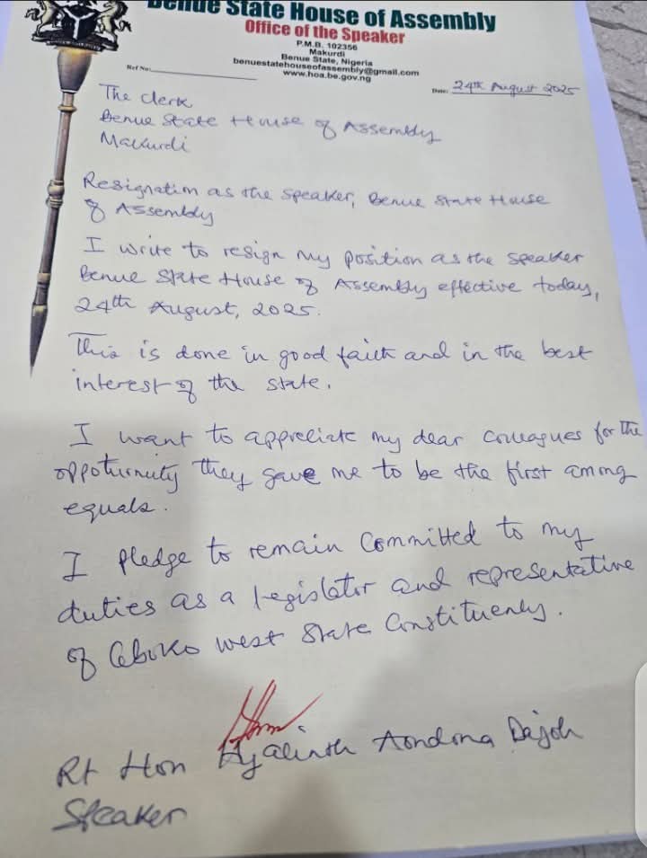 Benue State House of Assembly, Speaker Rt Hon. Hyacinth Aondona Dajoh, has stepped down as the speaker of the 10th Assembly.
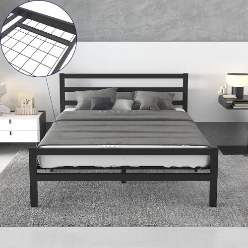 BOFENG Double Bed Frames with Wood Headboard,Heavy Duty Metal Platform Bed Frame Double Bed No Box Spring Needed,Mattress Base/Under Bed Storage/Sturdy Steel Slat Support
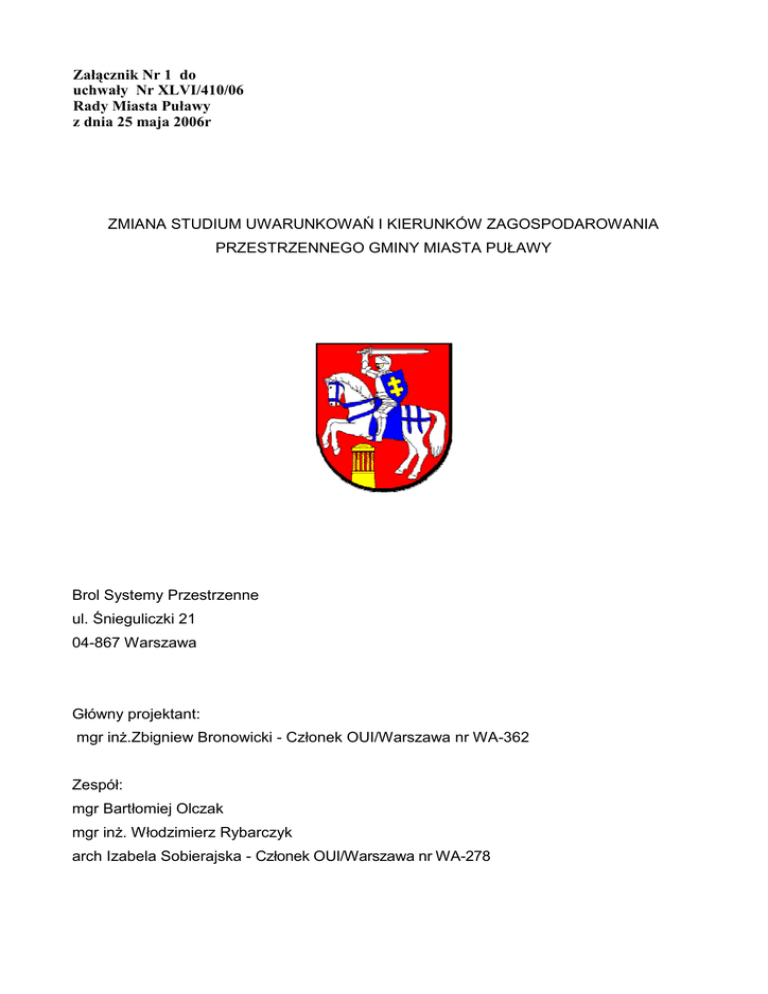 Załącznik Nr 1 do uchwały Nr XLVI/410/06 Rady Miasta Puławy z dnia 25 maja 2006r ZMIANA STUDIUM UWARUNKOWAŃ I KIERUNKÓW ZAGOSPODAROWANIA PRZESTRZENNEGO GMINY MIASTA PUŁAWY Brol Systemy Przestrzenne ul. Śnieguliczki 21 04-867 Warszawa Główny projektant: mgr inż.Zbigniew Bronowicki - Członek OUI/Warszawa nr WA-362 Zespół: mgr Bartłomiej Olczak mgr inż. Włodzimierz Rybarczyk arch Izabela Sobierajska - Członek OUI/Warszawa nr WA-278 Uchwała Nr XXVII/247/04 Rady Miasta Puławy z dnia 17 grudnia 2004r w sprawie przystąpienia do zmiany studium uwarunkowań i kierunków zagospodarowania przestrzennego Gminy Miasta Puławy Na podstawie art. 18 ust. 2 pkt. 5 ustawy z dnia 8 marca 1990r o samorządzie gminnym (tekst jednolity z 2001r. Dz.U. Nr 142 poz. 1591) w związku z art. 32 ust. 2 oraz art. 27 ustawy z dnia 27 marca 2003r. o planowaniu i zagospodarowaniu przestrzennym ( tekst jednolity ustawy w Dz.U. Nr 80 z 2003r, poz. 717) po zapoznaniu się z wynikami analizy zmian w zagospodarowaniu przestrzennym gminy miasto Puławy przeprowadzonymi przez Prezydenta Miasta, Rada Miasta Puławy uchwala, co następuje §1 Stwierdza się, że studium uwarunkowań i kierunków zagospodarowania przestrzennego zatwierdzone przez Radę Miasta Puławy uchwałą Nr LIX/414/98 z dnia 28 maja 1998 w sprawie uchwalenia studium i kierunków zagospodarowania przestrzennego gminy Miasta Puławy jest nieaktualne w zakresie zgodności z planem wojewódzkim zagospodarowania przestrzennego oraz w części dotyczącej układu komunikacyjnego miasta i terenów wymagających zmiany dotychczasowego przeznaczenia. §2 Przystępuje się do sporządzenia zmiany studium uwarunkowań i kierunków zagospodarowania przestrzennego gminy Miasta Puławy w części tekstowej i graficznej w granicach administracyjnych Gminy Miasto Puławy określonych w załączniku nr 1 do niniejszej uchwały. §3 Zakres opracowania zmian studium uwarunkowań i kierunków zagospodarowania Gminy Miasto Puławy zostanie dokonany zgodnie przepisami art. 10 ustawy o planowaniu i zagospodarowaniu przestrzennym oraz z przedłożonymi wynikami analizy zmian w zagospodarowaniu przestrzennym w Gminie Miasto Puławy stanowiącymi załącznik nr 2 do niniejszej uchwały. §4 Wykonanie uchwały powierza się Prezydentowi Miasta Puławy §5 Uchwała podlega opublikowaniu w lokalnej prasie, obwieszczeniu na tablicy ogłoszeń w Urzędzie Miasta oraz na tablicach ogłoszeń, na terenie miasta. §6 Uchwała wchodzi w życie z dniem ogłoszenia. Przewodniczący Rady Miasta Puławy Lucjan Tomaszewski SPIS TREŚCI WSTĘP 1.1 Położenie miasta.......................................................................................................... 8 1.2 Podstawowe dane o mieście ..........................................................................................8 1.3 Historia miasta................................................................................................................8 1.4 Kompozycja przestrzenna miasta.................................................................................10 Rozdział I UWARUNKOWANIA ZAGOSPODAROWANIA PRZESTRZENNEGO 1.Uwarunkowania przyrodnicze zagospodarowania przestrzennego 1.1. Położenie geograficzne................................................................................................13 1.2. Powiązania przyrodnicze i ekologiczne........................................................................13 1.3. Rzeźba terenu .............................................................................................................13 1.4. Budowa geologiczna ...................................................................................................14 1.5. Surowce geologiczne...................................................................................................15 1.6. Warunki wodne............................................................................................................15 1.6.1. Wody powierzchniowe..............................................................................................15 1.6.2. Wody podziemne i zaopatrzenie w wodę..................................................................16 1.7. Warunki glebowe .........................................................................................................21 1.8. Atmosfera.....................................................................................................................23 1.9. Klimat........................................................... ...............................................................23 1.10. Szata roślinna............................................................................................................24 1.10.1. Roślinność potencjalna...........................................................................................24 1.10. 2. Roślinność rzeczywista..........................................................................................24 1.11. Tereny zieleni.............................................................................................................26 1.12. Fauna.........................................................................................................................28 1.13. Struktura ekologiczna.................................................................................................28 1.14. Walory przyrodniczo-krajobrazowe............................................................................29 1.15. Ochrona środowiska przyrodniczego.................................................................................29 1.15.1. Natura 2000.........................................................................................................................31 2. Uwarunkowania społeczno-kulturowe 2.1. Środowisko kulturowe..................................................................................................32 2.2. Zasady ochrony konserwatorskiej...............

◆ Task details:
Restate only the lines running from the start of the material above through the line containing "BOFENG Double Bed", ends included. No pictures.

◆ Output:
 Benue State House of Assembly, Speaker Rt Hon. Hyacinth Aondona Dajoh, has stepped down as the speaker of the 10th Assembly.
 BOFENG Double Bed Frames with Wood Headboard,Heavy Duty Metal Platform Bed Frame Double Bed No Box Spring Needed,Mattress Base/Under Bed Storage/Sturdy Steel Slat Support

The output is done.